There are a couple ways to reduce ammonia in an aquarium, one is to perform a water change AND add a water conditioner that is appropriate for your tap water parameters and the 2nd is to use a product like Prime water conditioner to temporarily make the ammonia non-toxic to your fish.

Can you provide more details on how long this tank has been set up and whether you properly cycled it so that you have zero ammonia, zero nitrite and some level of nitrate above zero.

I don't recommend adding any fish to this tank if it is not properly cycled.


----------



## GuitarShark (May 28, 2019)

This tank is currently cycling. I asked because I wanted to add fish as soon as it is is done and get a decent amount in the tank to reduce aggression. I am fish in cycling and have been so far for 2 weeks. Sorry to ask another question, but the conditioner you mentioned, could that be used to detoxify water so I could add cichlids during cycling?


----------



## DJRansome (Oct 29, 2005)

I would not cycle with fish, and if you are I would not add cichlids. Some use feeder goldfish.


----------



## ken31cay (Oct 9, 2018)

GuitarShark said:


> ...but the conditioner you mentioned, could that be used to detoxify water so I could add cichlids during cycling?

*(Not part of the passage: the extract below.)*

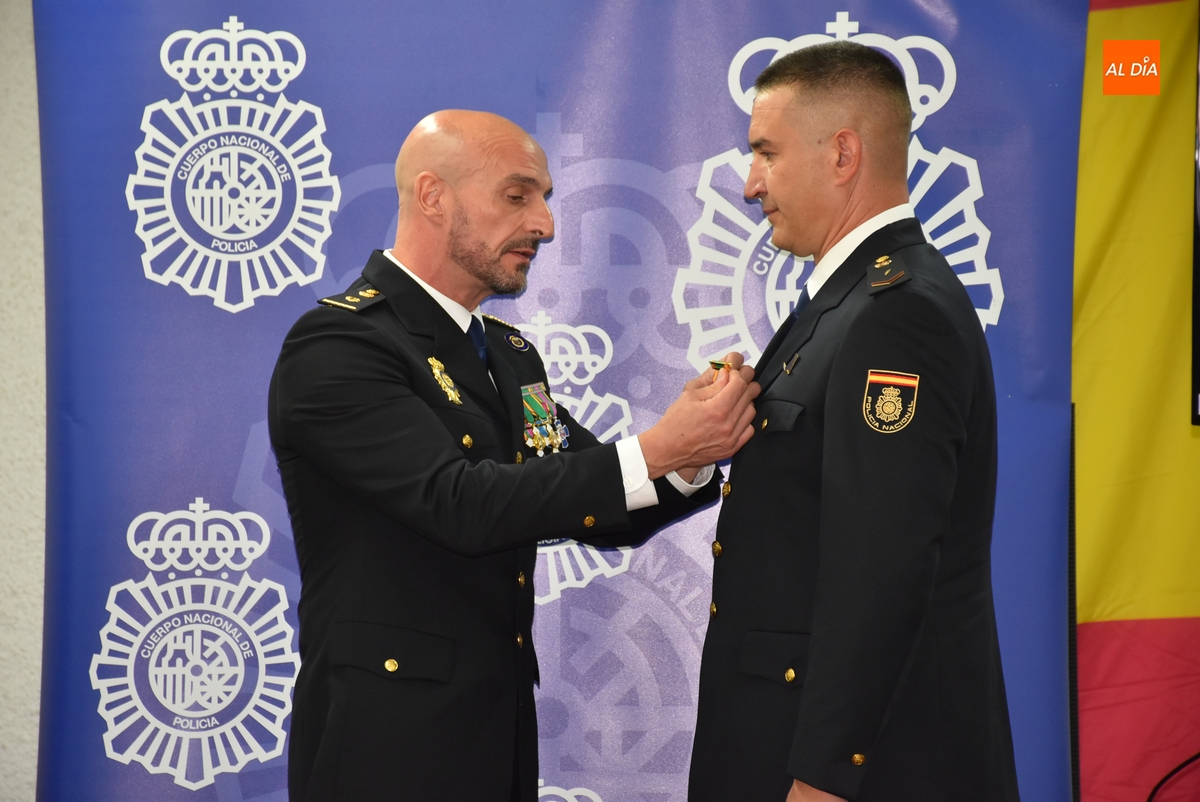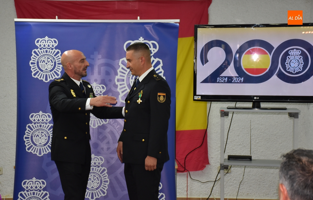 Por un lado, se impuso a Raúl González Frutos la Cruz con distintivo Blanco que le ha sido concedida por su mérito y dedicación, con la cual ingresa en la Orden del Mérito Policial. La condecoración fue impuesta por el actual Jefe de la Comisaría de Fuentes de Oñoro, Baltasar Reyes, quién apuntó que esta distinción “reconoce tu compromiso constante, y tu ejemplar trayectoria”, siendo “reflejo de tu trabajo y compañerismo”.
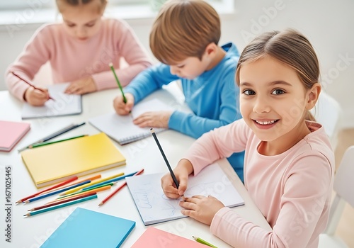 Smiling Girl Drawing with Pencils in Bright Classroom with Classmates

Seachem Prime or Safe only detoxifies ammonia/nitrite for around 24 hours so in theory you'd need to keep re-adding the Prime/Safe, but I question whether this method would even allow the cycle to progress. IMO in your situation the better way is to keep doing large daily or every other day water changes for the next 3-4 weeks. The amount or % would depend on the tank size/bioload. For fully stocked tanks I'd do 50% daily water changes for 5-6 weeks to cycle my tanks.


----------



## GuitarShark (May 28, 2019)

Ok one more question. I just tested for ammonia and nitrite. Both read 0. I am confused. I thought ammonia would be in the tank by now. Just a little confused on why they read zero. How am I even supposed to tell if it is done cycling if it reads no ammonia? Thanks for all of the help guys.


----------



## DJRansome (Oct 29, 2005)

It can take 2 weeks for ammonia to start showing up and nitrite will not start until ammonia has been there a while. The nitrite producing bacteria need a chance to grow and multiply and produce nitrite waste.

Plan on six weeks.


----------



## GuitarShark (May 28, 2019)

Thank you guys so much. You guys have been super helpful.


----------



## GuitarShark (May 28, 2019)

One more thing, just tested tank. No ammonia or nitrite, but there is nitrate. Is this even possible on the second week? Thank you again for all of the responses.


----------



## ken31cay (Oct 9, 2018)

How many fish do you have in there right now and how long have they been in there? Are the tank, water, and filter media all new prior to adding the fish?


----------



## DJRansome (Oct 29, 2005)

Also what are the test results from your tap water?


----------



## GuitarShark (May 28, 2019)

I have 6 goldfish and they have been in there for 2 weeks. All media is new except thermometer. Same with water and tank. All rock is old and I have a bit of used substrate. I have no ammonia, nitrate, or nitrite in tap water. Yet somehow, I have nitrate in tank water after 2 weeks.


----------



## DJRansome (Oct 29, 2005)

If the rock came from a cycled tank and same with the substrate...assuming they were kept wet and oxygenated during the move from old tank to new tank...you may have established bacteria growing on the rock and substrate that is helping.


----------



## GuitarShark (May 28, 2019)

Ok. Thank you. Will rest again and post results.


----------



## GuitarShark (May 28, 2019)

Test not rest sorry.


----------



## GuitarShark (May 28, 2019)

Ok. Test results showing between 5.0 ppm 10 ppm nitrate. Ammonia is at 0. Does this mean it is safe to add fish?


----------



## DJRansome (Oct 29, 2005)

How many fish and what size are in there now? With fish-in cycling, you can't add all the new fish at once...not even close. Depending on what the current bioload is, you might be able to add the first group of timid fish.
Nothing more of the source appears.